Oscilloscopes compensate for the loss of resolution and accuracy by expanding the types of measurements they can make, and showing timing relationships..

Pretty much all industrial oscilloscopes have at least two channels, where two test point signals can be compared to each other, in relation to the timing as well as the amplitude.

Simple math can be applied between the signals, such as multiplying voltage times current to get power, and then seeing when the most power is used (time).

Relationships between signals can track down more difficult to find intermittent, “once in a while” trip-outs and failures.

• Does motor drive A trip out whenever machine B cycles on?
• Does the spike or noise happen once on a while or all the time?
• Is the box position sensor signal matched up at the right time with the conveyor “on” signal?

More measurement possibilities and the additional dimension of time opens up a wider range of capabilities not found in other testers.

Industrial oscilloscopes and Scopemeters allow you to see what is actually happening in the circuit, system, and controls, by capturing and displaying waveforms instead of just numbers.

Here is a case where a UPS was not charging its batteries.

The power would go down, the UPS would try to turn on, then it too would go down, shutting down all the computers in the room.

Imagine if this happened in an automated factory, or a trading floor at the stock market?

The problem was caused by “flat-topping” of the power signal suppying the UPS, which charged the batteries off the peak of the waveform. No peak, no charging.

The problem was solved by simply moving the UPS closer to the main power connections, shortening the cable between the two.

Electricity needs to flow to get work done.

Waveforms are electricity in motion, displayed by tracing amplitude changes on a vertical scale over time on a horizontal scale.

Every part of a circuit or system has the potential to change the waveform as it flows through it. Sometimes this is good. Sometimes this is bad and causes problems and failures.

Checking out different characteristics of the waveforms can help you decide if these changes are good or bad.

Frequency is the speed at which a cyclic (repeating) AC signal completes one cycle, or repetition. An analogy in the mechanical world is RPM, with the change being that Frequenty is in “rotations per second” instead of “rotations per minute”.

Hertz, or Hz , is the unit of measurement, formerly referred to as cycles per second. Common measurements are in KHz (1000Hz), MHz (1,000,000Hz), and GHz (1 billion Hz) increments.

Period is the time it takes to complete one cycle of a cyclic AC signal, analogous to “minutes per rotation” in the mechanical terms. Because most AC signals are labeled by their frequency, Period is calculated by dividing 1 by the frequency, inverting the “cycles per second” into “seconds per cycle”.

Common measurements on scopes have a time unit of measurement in milliseconds (msec, or .oo1 second) , microseconds (usec, or .000001 sec), nanoseconds (nsec, or .000000001 sec), and picoseconds (psec, or .000000000001 sec).

Knowing the approximate period of a signal can help you set the timebase on the scope.

Electrical signals are just like physical mechanical parts.

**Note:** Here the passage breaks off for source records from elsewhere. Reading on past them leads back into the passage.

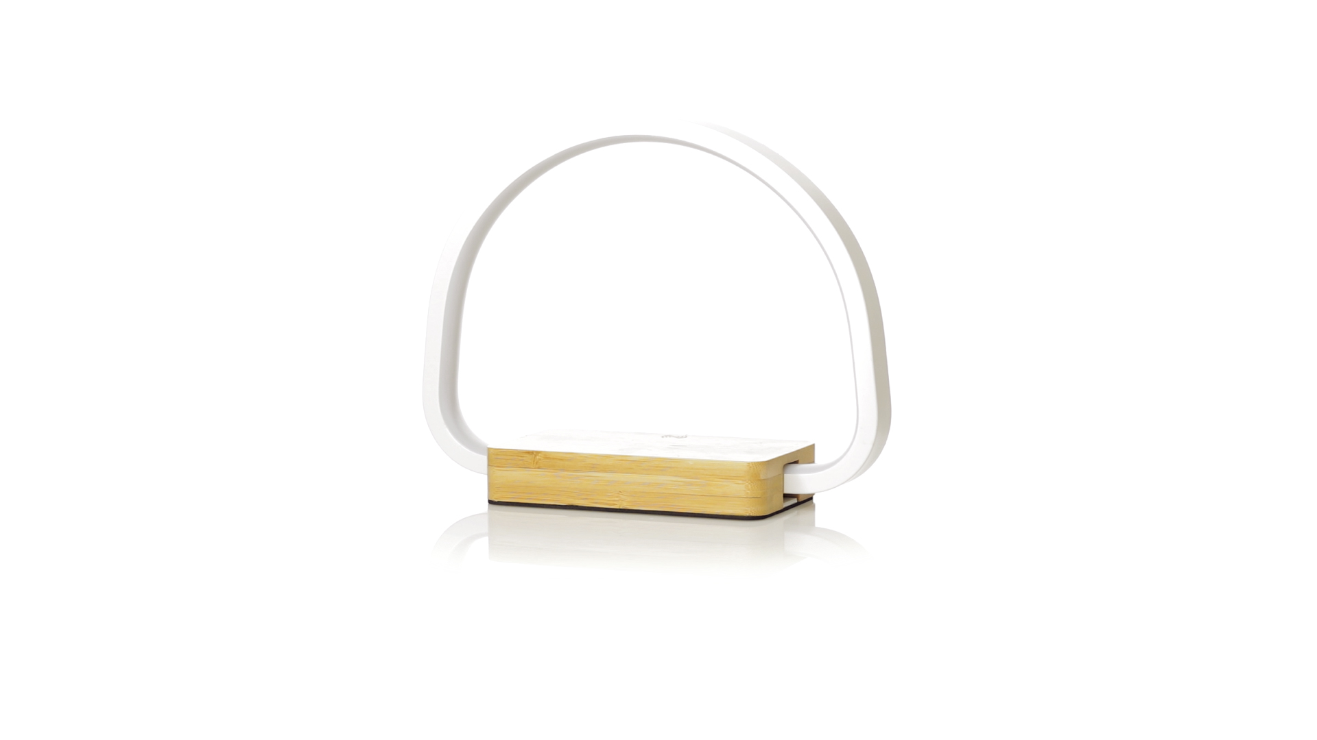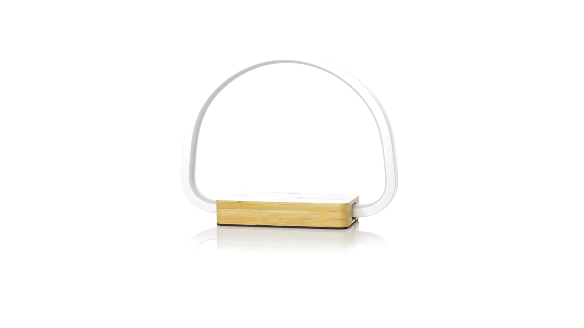 Öko-Design Ladelampe. Hergestellt aus Bambus aus natürlichen Stecklingen und mit rutschfestem Fuss. Integriertes kabelloses 10W-Ladegerät. Enthält 52 LEDs und 3 Leuchtstufen (warm, kalt und mittel) mit einstellbarer Lichtintensität. Kompatibel mit mobilen Geräten mit kabellosem Ladegerät und USB-Anschluss. Inklusive Typ-C-Ladekabel und in attraktiver Öko-Design-Verpackung. Gebrauchsanweisung in Spanisch und Englisch erhältlich.
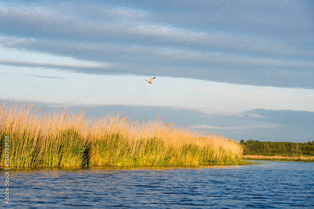 Common Buzzard Flying at Sunset over the Wide Trebel River with Reeds and Darkening Sky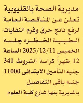HOT Information مناقصة عامة لعملية رفع ناتج حرق وفرم النفايات الطبية الخطرة عن جريدة الأهرام Post navigation الشركة القابضة لمصر للطيران جمعية الصعيد للتربية والتنمية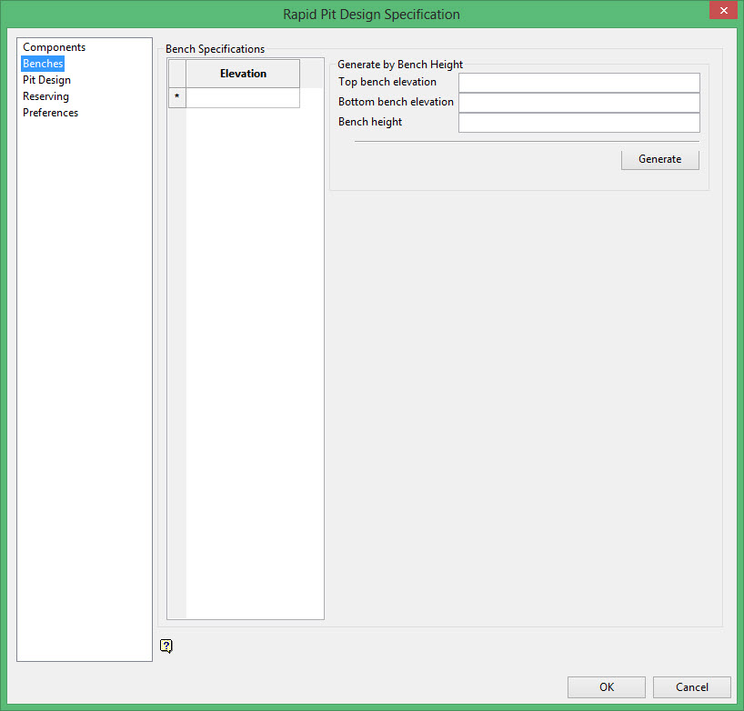 Enter in the bench elevations starting with the lowest bench and going to the highest bench. Elevations should be defined at the mid-bench level.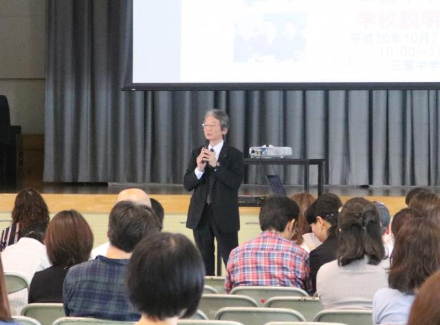 10月7日(日)に平成31年度三重中学入学試験説明会が本校にて行われました。約300名の保護者・児童の方にご参加いただき、盛況のうち無事終わることが出来ました。プログラムは、最初にダンス部のパフォーマンスを見ていただきました。その後、学校紹介DVDを上映し、中学校長からの挨拶と、新しく大学入試が変わることをふまえ、教務から英語教育における本校の取り組みについての説明がありました。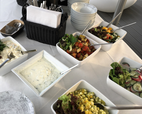 Bei Teams wird auch gerne ein Buffet – im Sommer als Grillbuffet – ausgewählt. Hier ist der Rahmen festlicher und auch die Gespräche durch das gemeinsame Sitzen und Essen am Tisch sind mit mehr Nähe verbunden.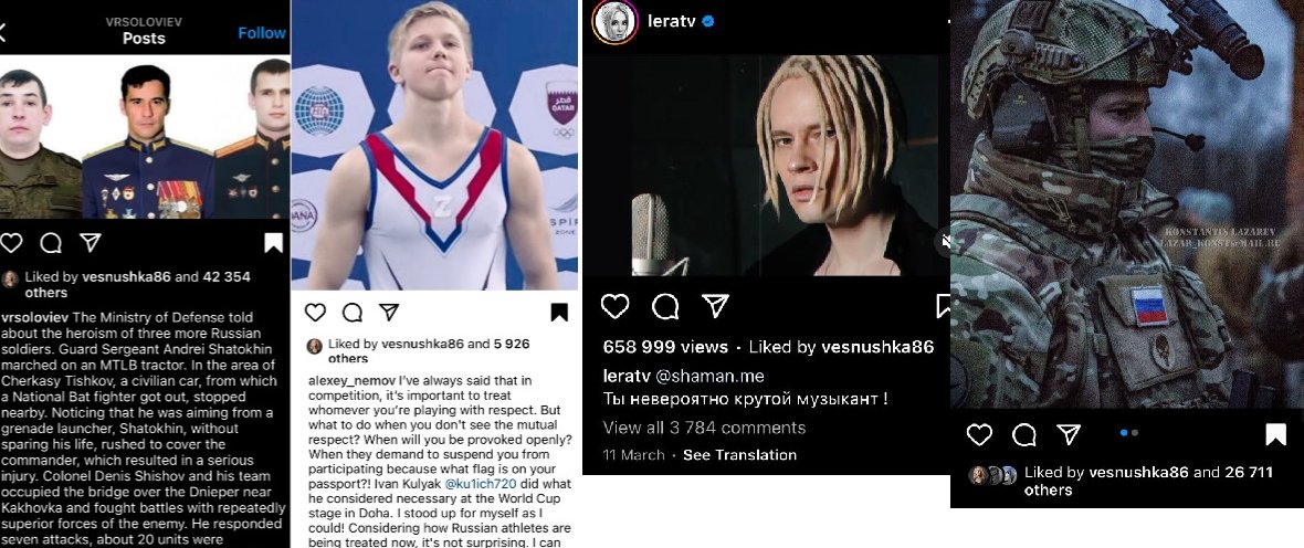 不过,乌克兰媒体在深挖之后发现,维斯尼娜的反战主张可能并不是她内心的真实想法,因为他们发现维斯尼娜在网上给支持战争的帖子点赞,她还曾给一篇歌颂俄罗斯士兵在乌克兰英勇作战的帖子点赞。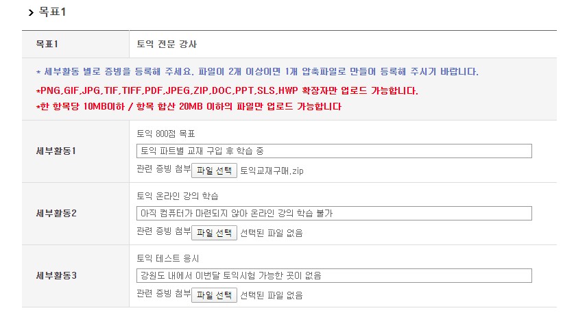 각 목표에 따른 세부 활동 내역을 입력하면 되는데요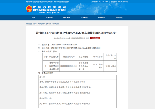 喜報(bào):建發(fā)公司中標(biāo)蘇州宿遷工業(yè)園區(qū)社區(qū)衛(wèi)生服務(wù)中心2026年度物業(yè)服務(wù)項(xiàng)目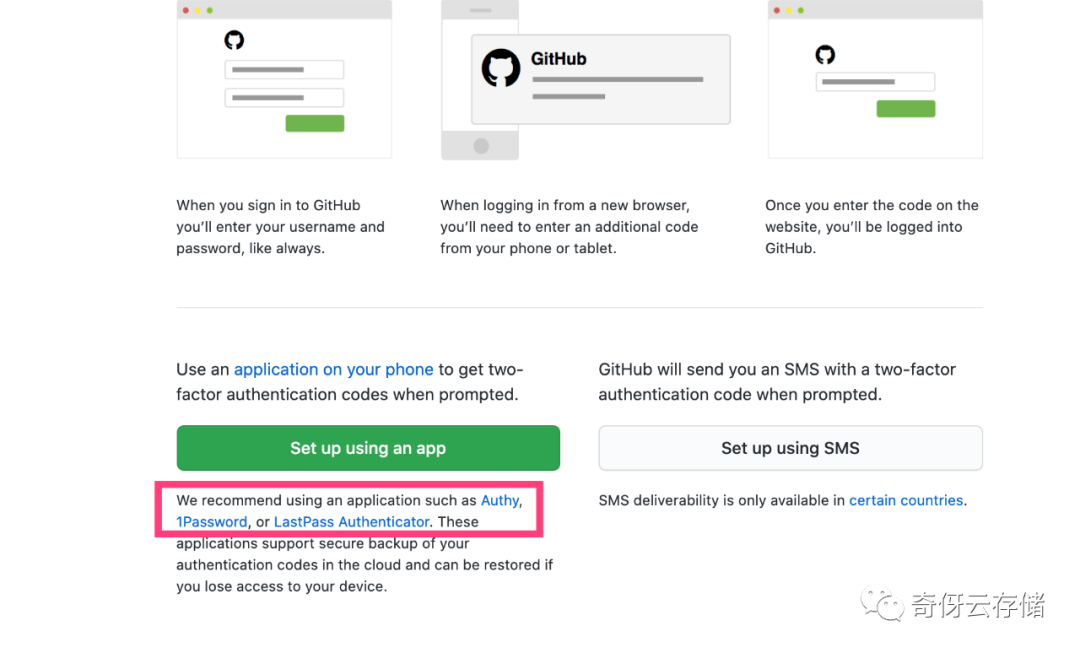 其实,Github 官方也是首选推荐 Authy,1Password 等工具来做 2FA 工具的,如图:
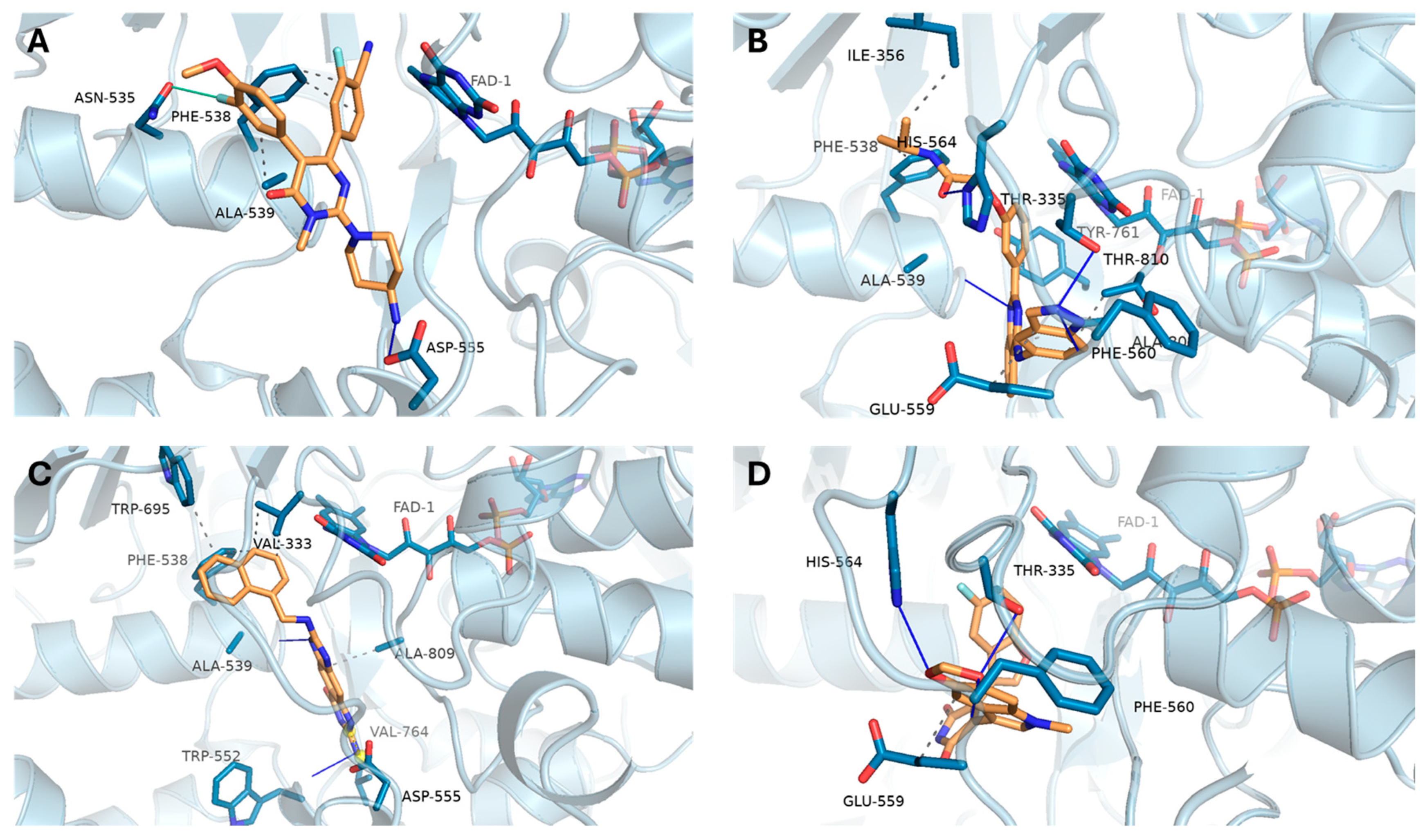 | DB16703 | −10.7 | THR-335, ALA-539, PHE-560, HIS-564 | ILE-356, PHE-538, GLU-559, TYR-761, ALA-809, THR-810 | |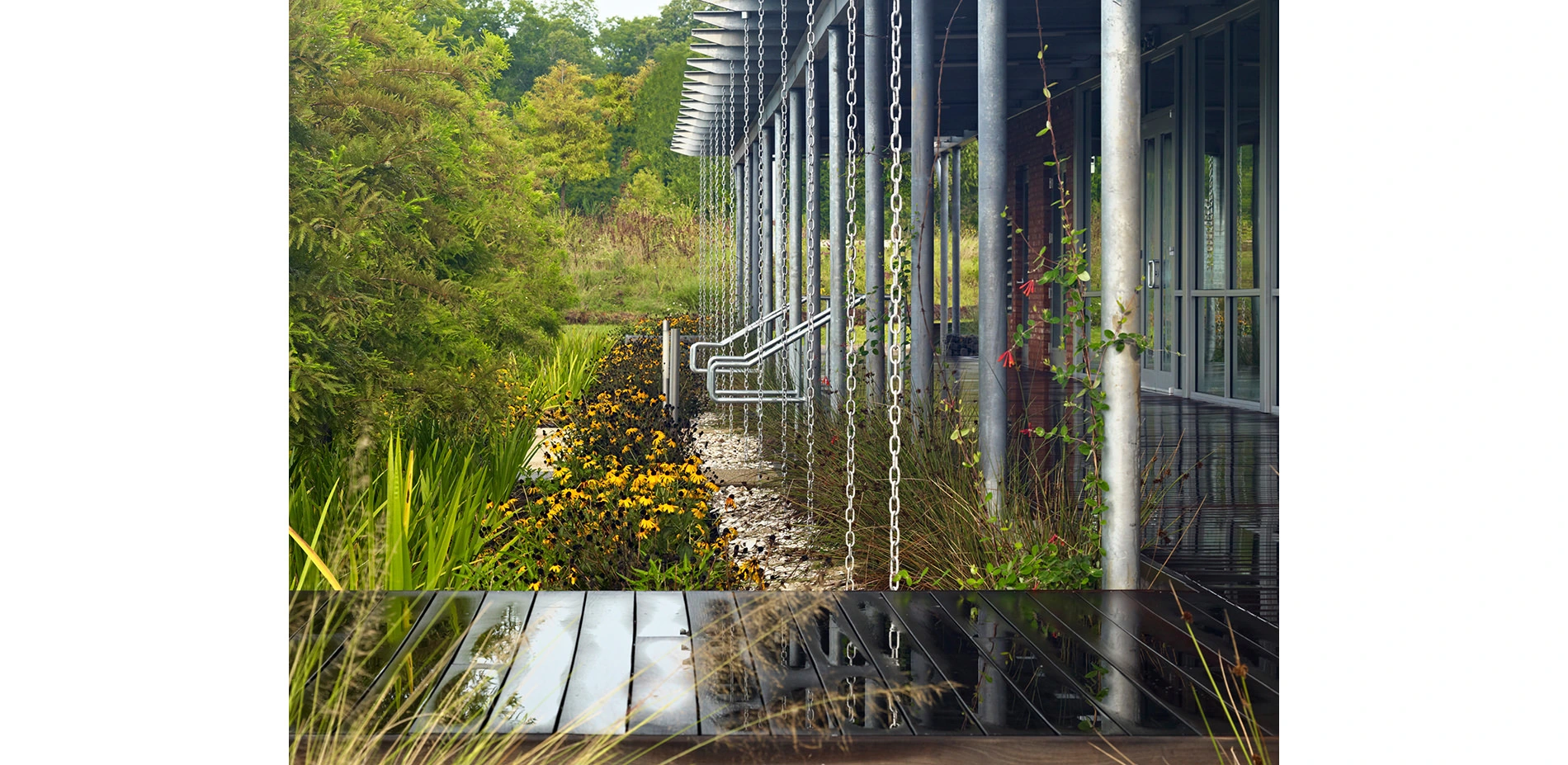 With an annual rainfall of 60-70 inches, the St. Landry Parish Visitor Center strives to responsibly manage its stormwater runoff. To do so, rain gardens collect all on-site storm and roof water via ground swales and rain chains that direct excess roof water through gulf oyster shell runnels. These gardens are accented by grids of bald cypress and brimming with eight varieties of native Louisiana iris. For all shades of green, there is an aesthetic and functional purpose. These landscapes are the centerpiece of the design and frame the exhibit hall, all while serving as a biological filter for adjacent parking and cistern overflow.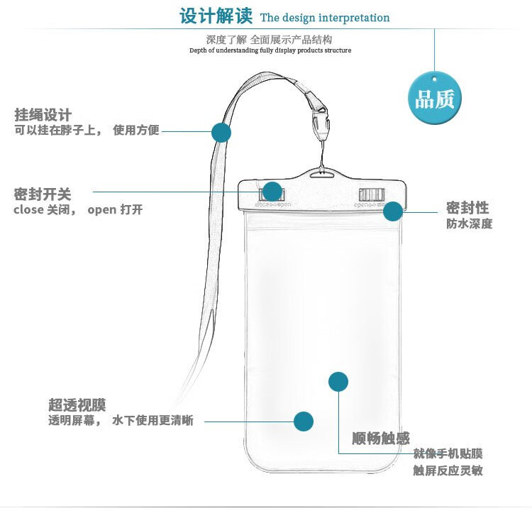 Zhongmo is suitable for mobile phone waterproof bags, take-out express, diving, swimming, hot spring photography, touch screen waterproof cases, rainproof cases, universal style suitable for most 7.2 inches and below, black
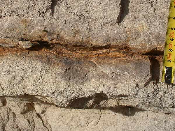 Enduit ferrugineux soulignant une surface durcie dans les calcaires oolithiques, qui témoigne d'un arrêt de sédimentation. |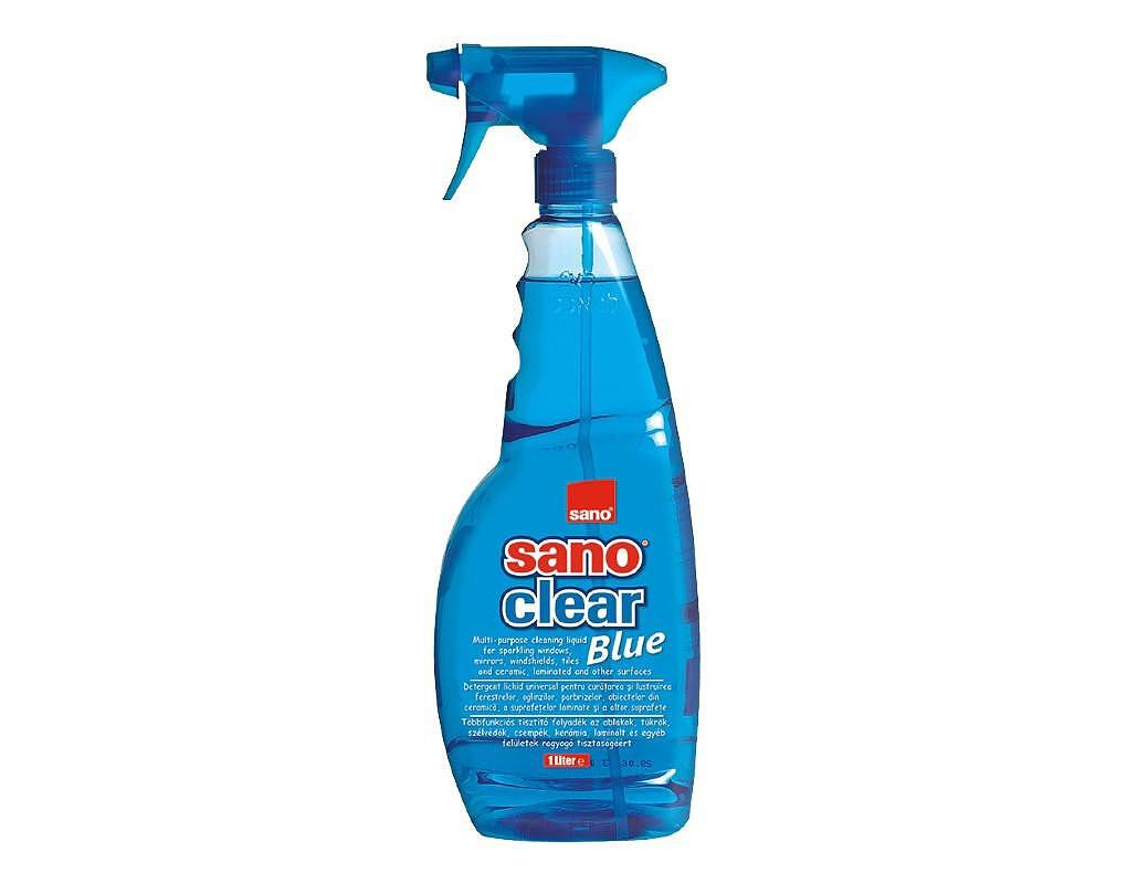 Сано Клиър "Блу" - Почиства и придава блясък на прозорци, огледала, керамика, порцелан хром, пластмаса и други видове повърхности.

Electricity cannot make instant changes from one level to another. It takes time to change from one voltage level to another, one amperage level to another, and so on.

Rise Time is defined as how long it takes a waveform to go from a lower level to a higher level, mostly used on square waves and pulses.

Fall Time is how long it takes a waveform to go from a higher state to a lower state.

Electronic signals have very fast rise and fall times. It is important to maintain straight vertical edges , especially in networking cables like Ethernet, where the frequencies are in the billions of cycles per second (GHz) and the rise times are many times faster than the periods of the data signals.

Something as simple as using the wrong cable can slow down the rise and fall times, causing data errors during transmission and slowing down the network. The same is true for controls. variable speed motor drives, and many types of equipment.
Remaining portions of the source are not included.